PAT1043. Is It a Binary Search Tree

题目大意

1043. Is It a Binary Search Tree
注意此处的二叉搜索树定义

The left subtree of a node contains only nodes with keys less than the node’s key.
The right subtree of a node contains only nodes with keys greater than or equal to the node’s key.
Both the left and right subtrees must also be binary search trees.

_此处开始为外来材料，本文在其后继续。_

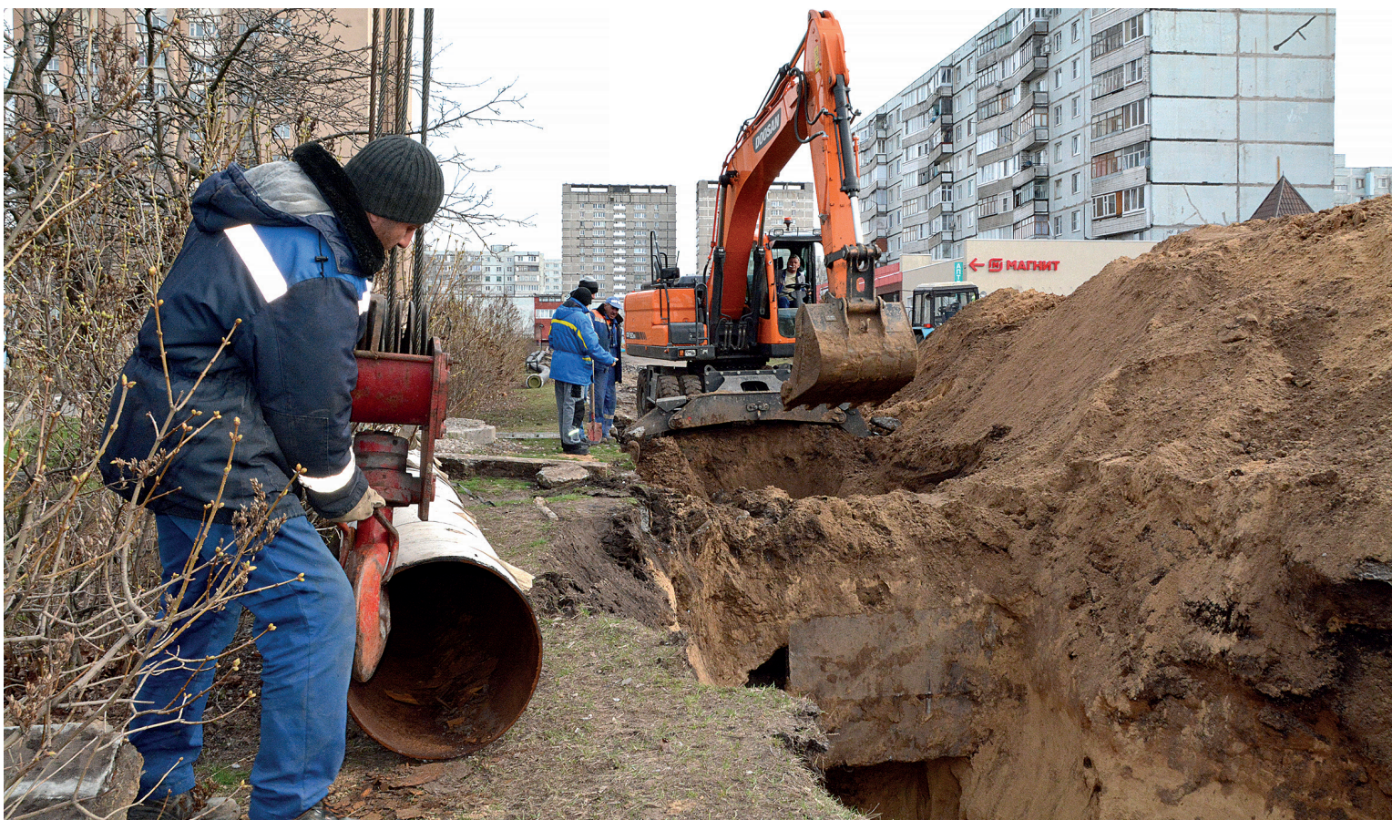
📍 В сквере «Камелия»

Стартовали работы по обновлению городских общественных пространств
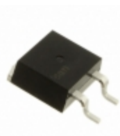
IXTA1N170DHV IXYS MOSFET N-CH 1700V 1A TO-263
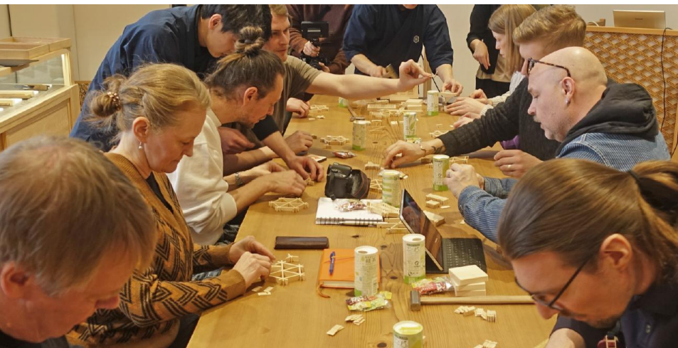
組子細工タニハタ・組子制作体験

PS: 没认真读题还去找强哥问, 真是切腹自尽算了…

给定前序遍历, 问是一棵BST还是镜像BST, 是的话, 则输出YES, 以及后序遍历, 否则, 输出NO.

题目分析

最开始写了四个函数(判断是否BST, 判断是否镜像BST, 求BST的后序, 求镜像BST的后序). 后来看了柳婼的code, 发现只需要一个函数. 直接求后序, 然后一个全局变量标记是否为镜像, 进行不同的判断. 如果不是BST的话, 则不会遍历所有结点(return 会提前返回), 因此长度不足n. 同理可以判断是否为镜像BST.

代码

#include <iostream>
#include <vector>
using namespace std;
vector<int> preOrder;
vector<int> postOrder;
bool isMirror = false;
int nNode;
void prPostOrder(){
    cout << "YES" << endl;
    for(int i = 0; i < nNode; i++){
        if(i != 0)
            cout << " ";
        cout << postOrder[i];
    }
}
void bst(int begin, int end){
    if(end < begin)
        return;
    if(begin == end){
        postOrder.push_back(preOrder[begin]);
        return;
    }
    int rootKey = preOrder[begin];
	//注意此处i, j的含义 以及 初始值
    int i = end;
    int j = begin + 1;
    if(isMirror == false){
        while(i >= begin + 1 && preOrder[i] >= rootKey)
            --i;
        while(j <= end && preOrder[j] < rootKey)
            ++j;
    }
    else{
        while(i >= begin + 1 && preOrder[i] < rootKey)
            --i;
        while(j <= end && preOrder[j] >= rootKey)
            ++j;
    }
    if(i > j)
        return;
    bst(begin + 1, i);
    bst(j, end);
    postOrder.push_back(rootKey);
}
int main(){
    cin >> nNode;
    for(int i = 0; i < nNode; i++){
        int key;
        cin >> key;
        preOrder.push_back(key);
    }
    bst(0, nNode - 1);
    if(postOrder.size() != nNode){
        isMirror = true;
        postOrder.clear();
        postOrder.resize(0);
        bst(0, nNode - 1);
    }
    if(postOrder.size() == nNode)
        prPostOrder();
    else
        cout << "NO";
    return 0;
}